One experience that occurred to me while traveling to an interview was a lost reciept for the largest item my flight…..I tried to secure anotherone but was not successful…..the school would not reimburstment for my flight….I had the information that I printed from my expedia when I made the reservation but the wanted the reciept from the airline…..I would think if you were there for the interview and had an airline ticket and seat assignment along with the print-out from expedia date a week earlier then that would do…..My lesson learned from this….was keep up with your reciepts and I do not take interview unless they are paid for in advance….By the way I paid everything up front on this one.

jruiz - January 28, 2010 at 3:34 pm

“I do not take interview unless they are paid for in advance….”Of all the campus visits I’ve had only one paid up front. Ironically it was BVU, which sent me the plane ticket, had the motel and rental car bills sent to them, and had someone accompany me to every meal.

12022055 - February 2, 2010 at 2:18 pm

@willynilly, comment 11. I have interviewed and been hired at several community colleges in the MnSCU system.

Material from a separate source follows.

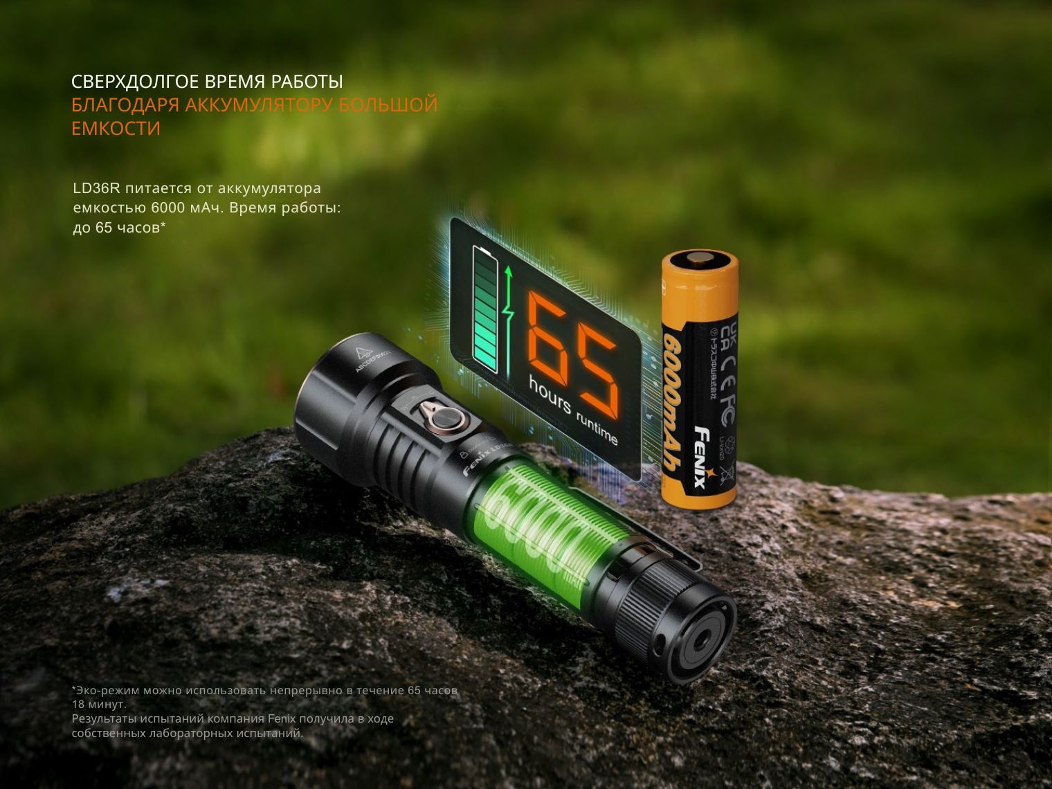 Fenix LD36R питается от сверхъемкого фирменного аккумулятора Fenix на 6000 мАч (есть в комплекте). Интеллектуальная защита исключает поломку электроники при установке батареи неправильной стороной.

It is their policy that interview expensed are paid by the candidate. It turns out that they typically have a very short list of applicants. I have also interviewed and been hired at a 4 year institution in Minnesota. It reimbursed all the interview expenses, with a fully disclosed “cap” on the expenses.Prior to your comment, I have not been aware of any community college that did pay any portion of interview expenses.